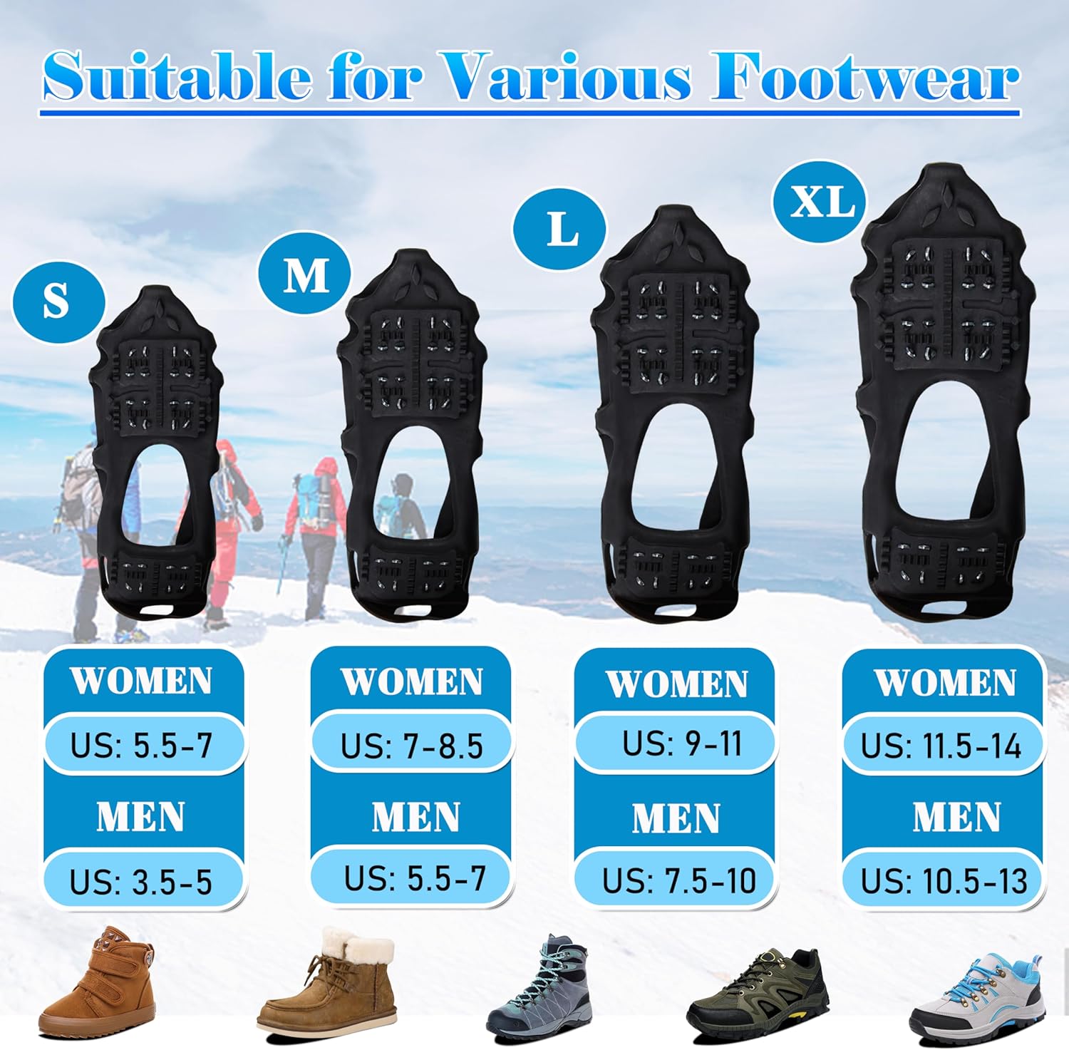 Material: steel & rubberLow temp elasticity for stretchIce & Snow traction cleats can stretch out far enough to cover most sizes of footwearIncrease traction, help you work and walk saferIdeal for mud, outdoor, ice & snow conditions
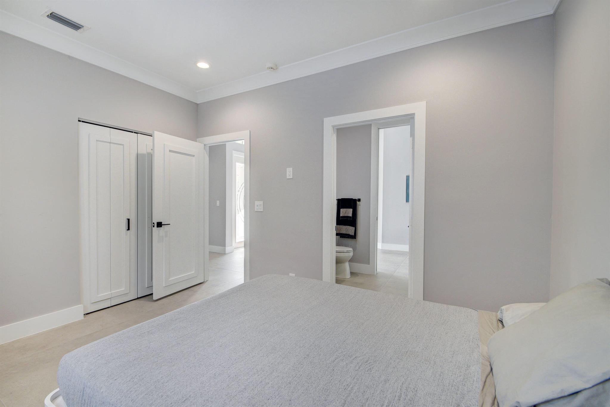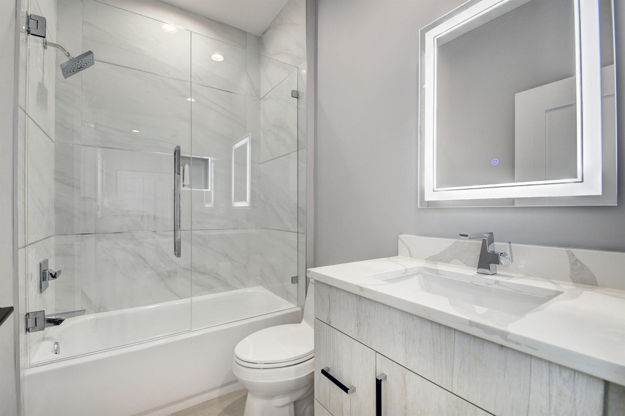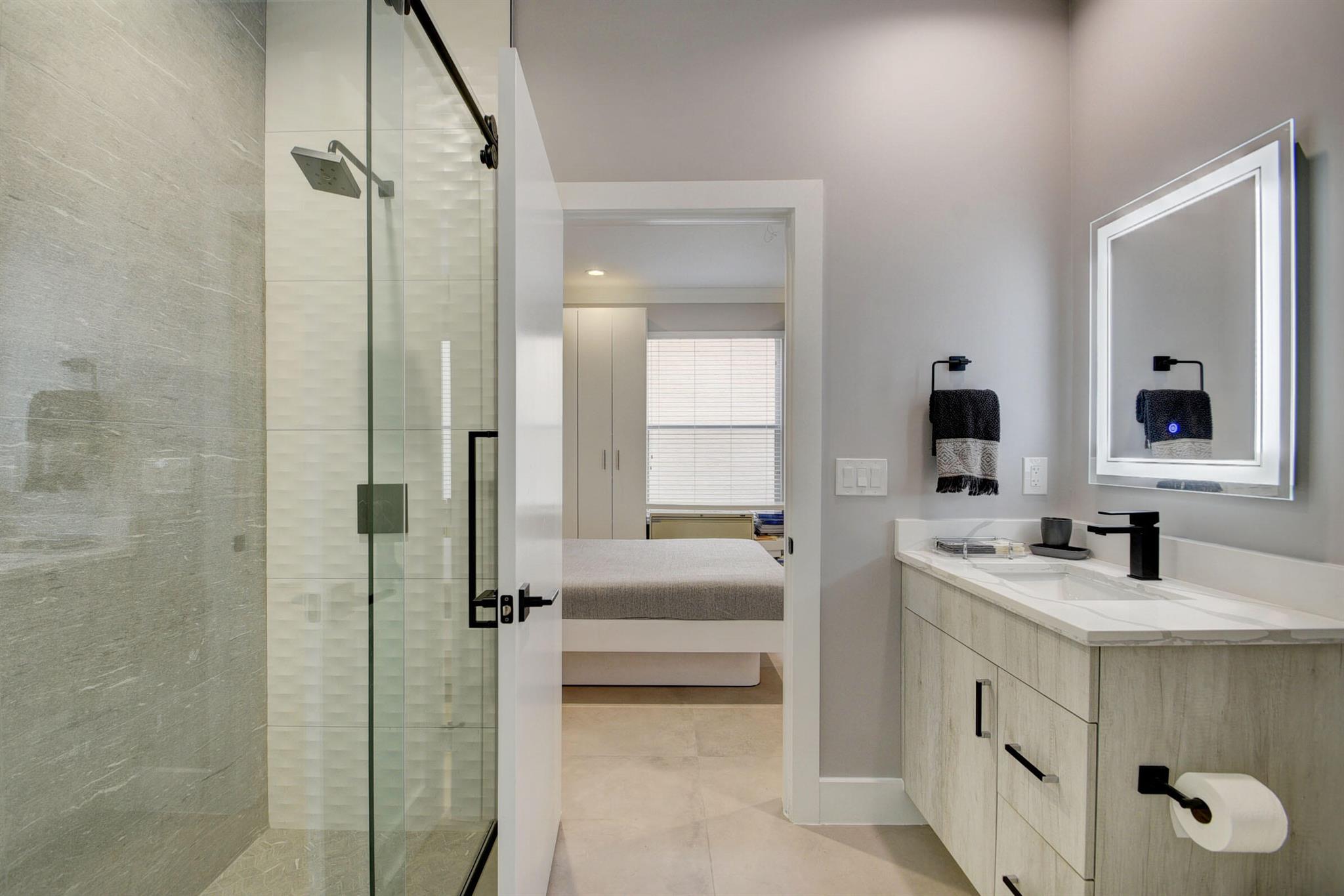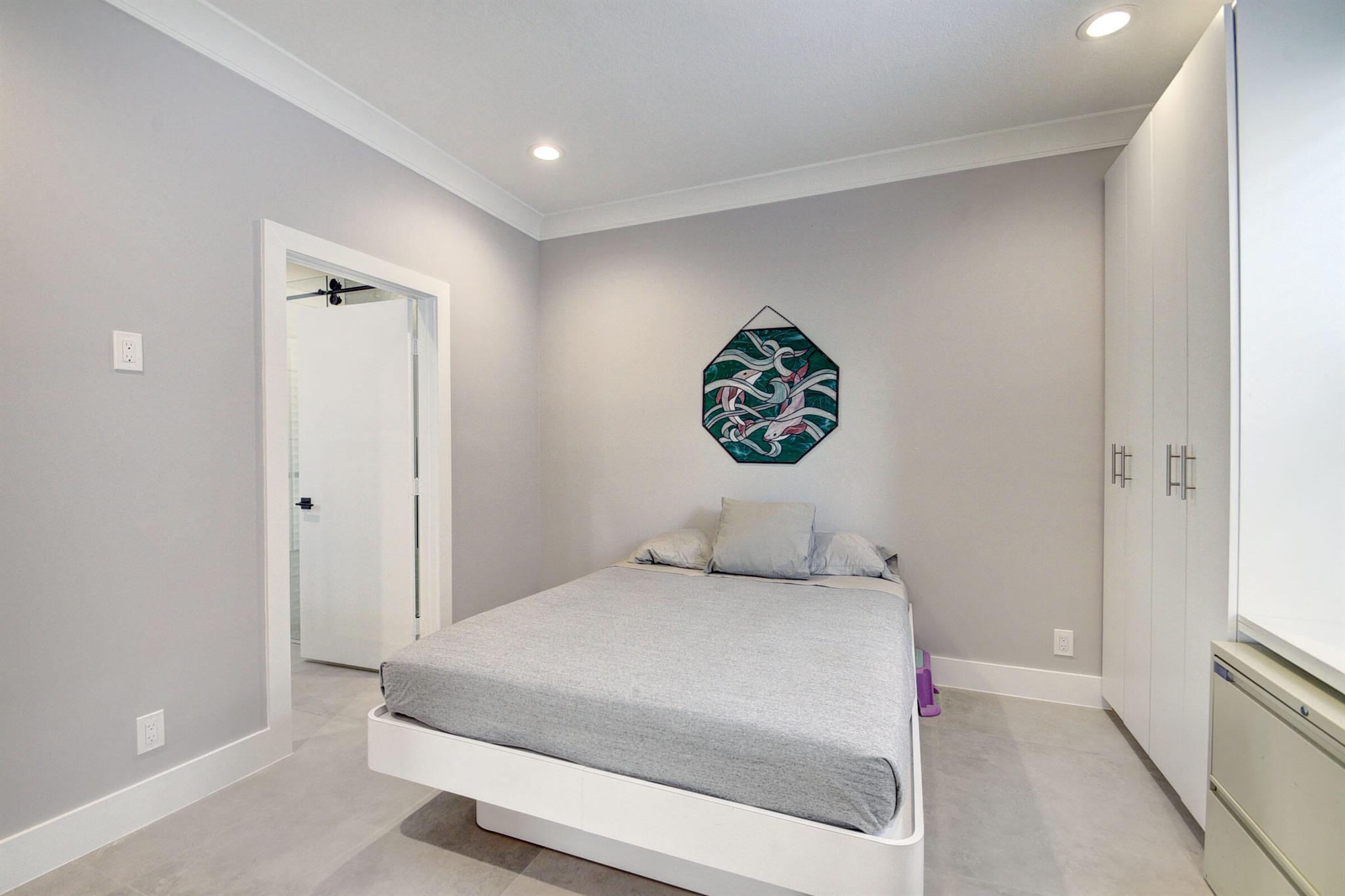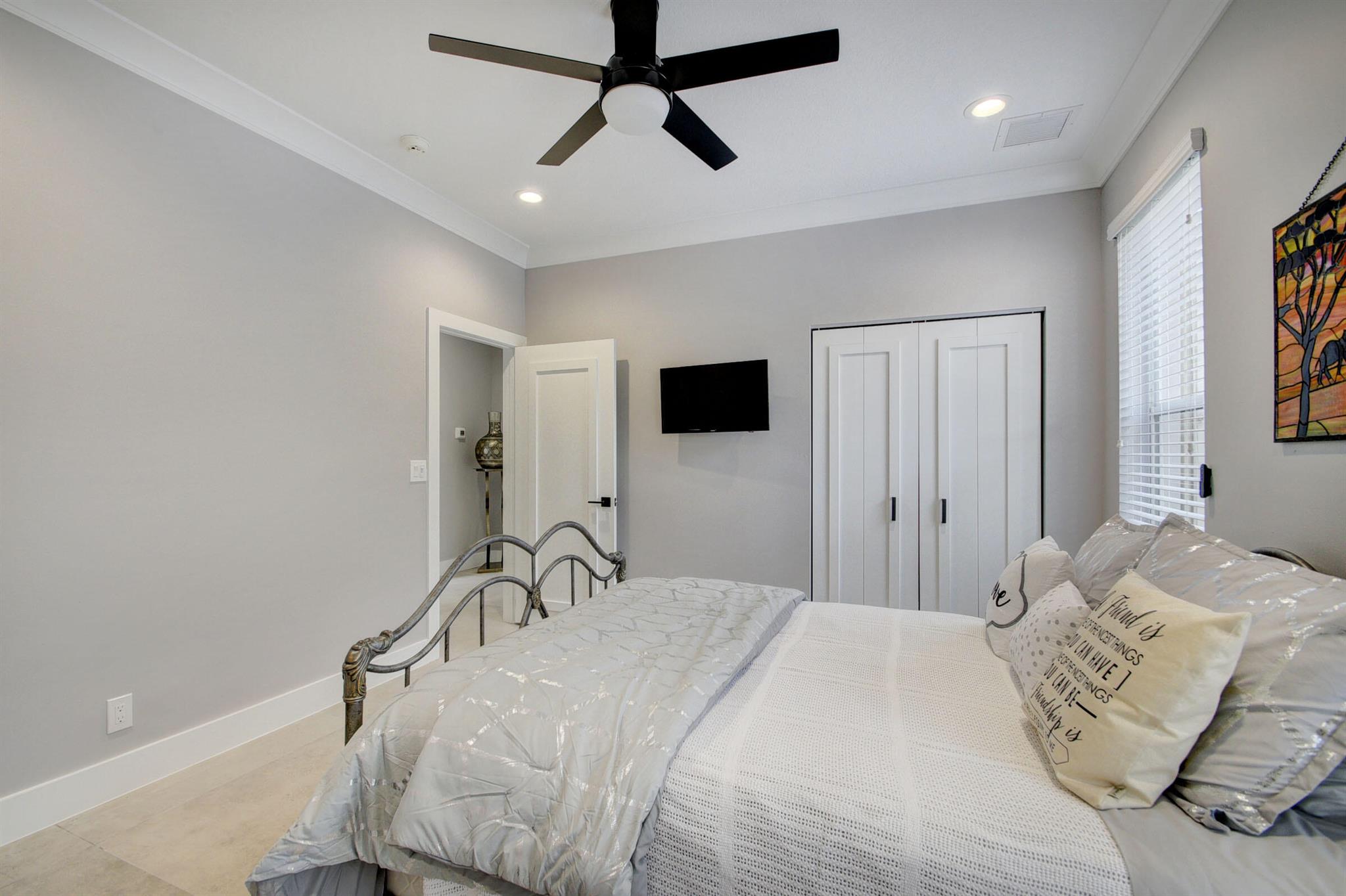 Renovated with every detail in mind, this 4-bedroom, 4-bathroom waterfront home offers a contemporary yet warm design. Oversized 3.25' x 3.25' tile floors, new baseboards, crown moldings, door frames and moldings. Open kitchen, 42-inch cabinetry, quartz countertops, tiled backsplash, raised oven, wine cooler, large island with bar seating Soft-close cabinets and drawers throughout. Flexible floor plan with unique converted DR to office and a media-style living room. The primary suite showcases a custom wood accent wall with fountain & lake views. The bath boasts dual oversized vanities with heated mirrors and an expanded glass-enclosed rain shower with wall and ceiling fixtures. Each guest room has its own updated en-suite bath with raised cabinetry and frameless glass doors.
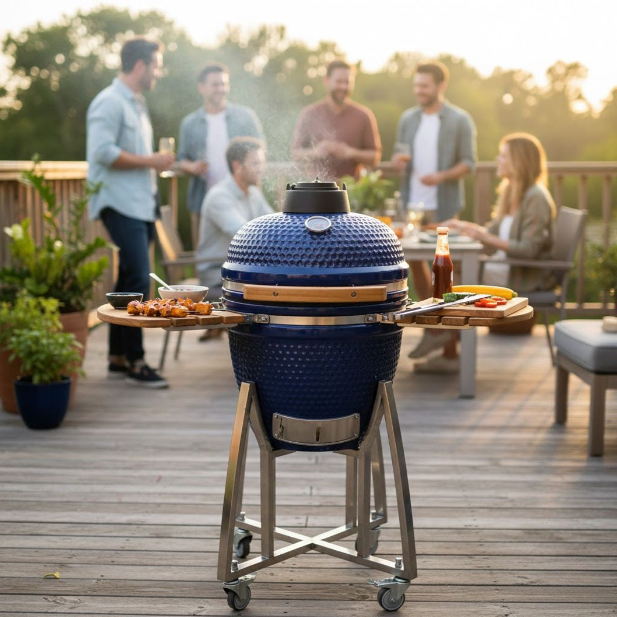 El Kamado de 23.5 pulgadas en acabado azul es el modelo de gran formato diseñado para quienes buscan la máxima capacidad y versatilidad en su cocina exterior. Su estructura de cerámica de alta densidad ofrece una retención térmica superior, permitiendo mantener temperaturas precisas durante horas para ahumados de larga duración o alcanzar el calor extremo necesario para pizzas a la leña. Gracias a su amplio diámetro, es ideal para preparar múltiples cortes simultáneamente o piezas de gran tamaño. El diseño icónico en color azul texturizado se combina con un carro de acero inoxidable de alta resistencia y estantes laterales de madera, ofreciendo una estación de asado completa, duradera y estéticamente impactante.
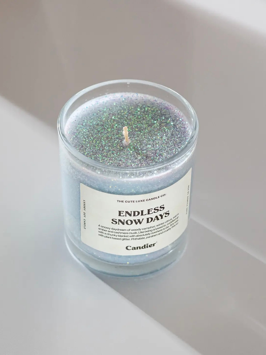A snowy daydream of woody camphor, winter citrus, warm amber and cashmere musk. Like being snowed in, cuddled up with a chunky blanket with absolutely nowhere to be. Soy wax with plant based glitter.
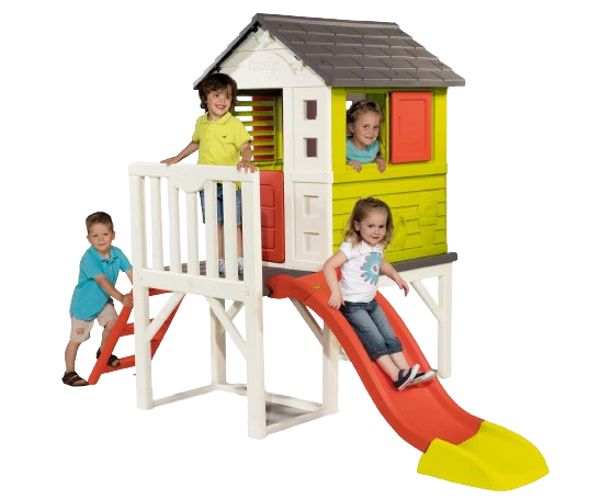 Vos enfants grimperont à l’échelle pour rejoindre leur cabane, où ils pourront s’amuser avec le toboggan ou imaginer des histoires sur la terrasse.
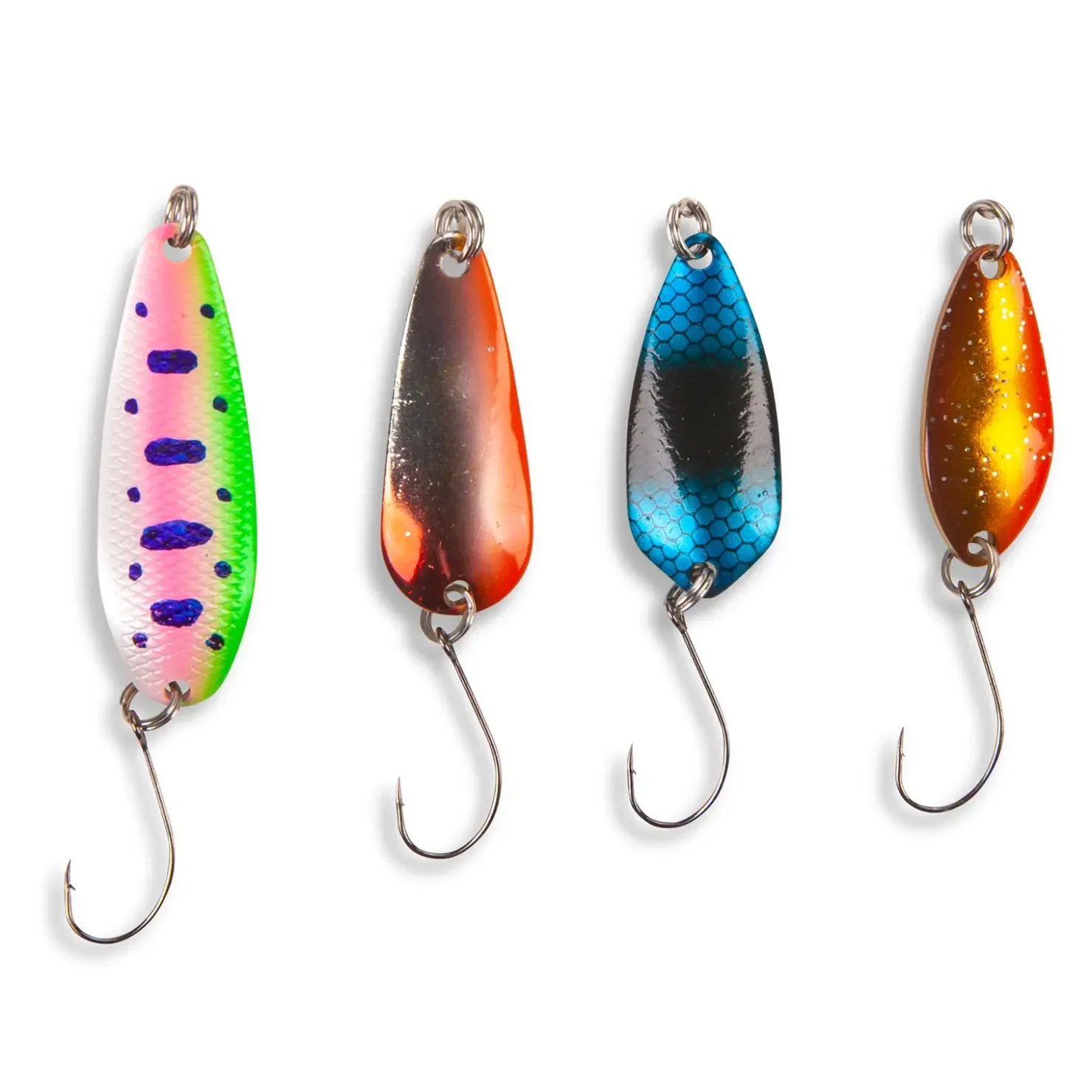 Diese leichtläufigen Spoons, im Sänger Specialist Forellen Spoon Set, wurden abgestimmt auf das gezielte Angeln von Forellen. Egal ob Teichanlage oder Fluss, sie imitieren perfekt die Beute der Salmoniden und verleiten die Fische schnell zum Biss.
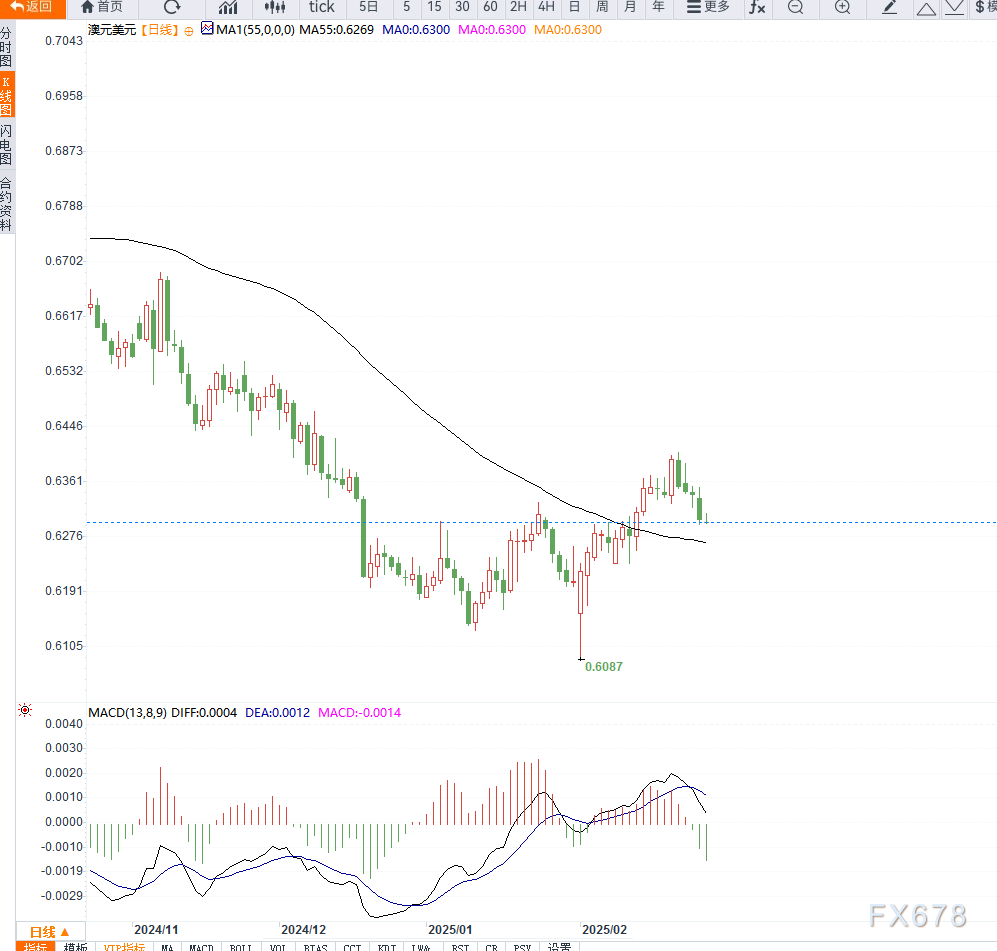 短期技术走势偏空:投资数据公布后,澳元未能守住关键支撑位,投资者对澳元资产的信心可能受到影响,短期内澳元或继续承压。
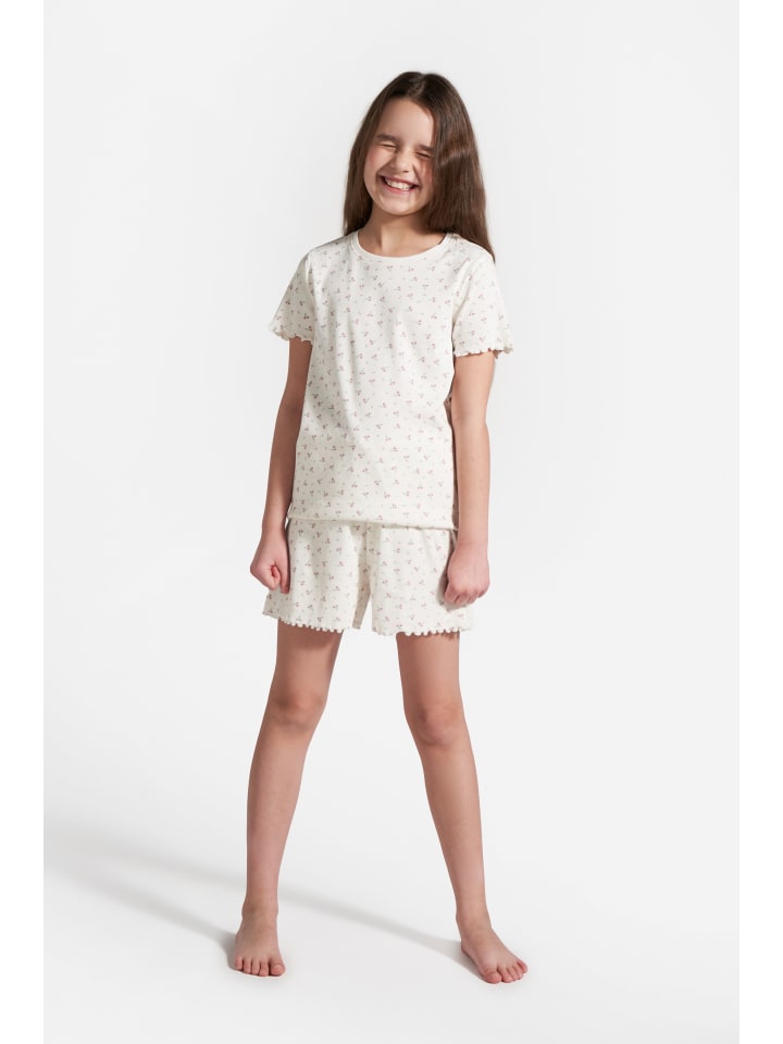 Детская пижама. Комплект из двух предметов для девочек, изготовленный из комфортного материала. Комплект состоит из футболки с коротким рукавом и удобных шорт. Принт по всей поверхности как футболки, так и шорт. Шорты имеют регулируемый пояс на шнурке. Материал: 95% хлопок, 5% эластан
★ ★ ★
Your task
Print the data exactly, from its first line to the line containing "Renovated with every", both included. Omit the pictures.

Finished task
 Material: steel & rubberLow temp elasticity for stretchIce & Snow traction cleats can stretch out far enough to cover most sizes of footwearIncrease traction, help you work and walk saferIdeal for mud, outdoor, ice & snow conditions
 Renovated with every detail in mind, this 4-bedroom, 4-bathroom waterfront home offers a contemporary yet warm design. Oversized 3.25' x 3.25' tile floors, new baseboards, crown moldings, door frames and moldings. Open kitchen, 42-inch cabinetry, quartz countertops, tiled backsplash, raised oven, wine cooler, large island with bar seating Soft-close cabinets and drawers throughout. Flexible floor plan with unique converted DR to office and a media-style living room. The primary suite showcases a custom wood accent wall with fountain & lake views. The bath boasts dual oversized vanities with heated mirrors and an expanded glass-enclosed rain shower with wall and ceiling fixtures. Each guest room has its own updated en-suite bath with raised cabinetry and frameless glass doors.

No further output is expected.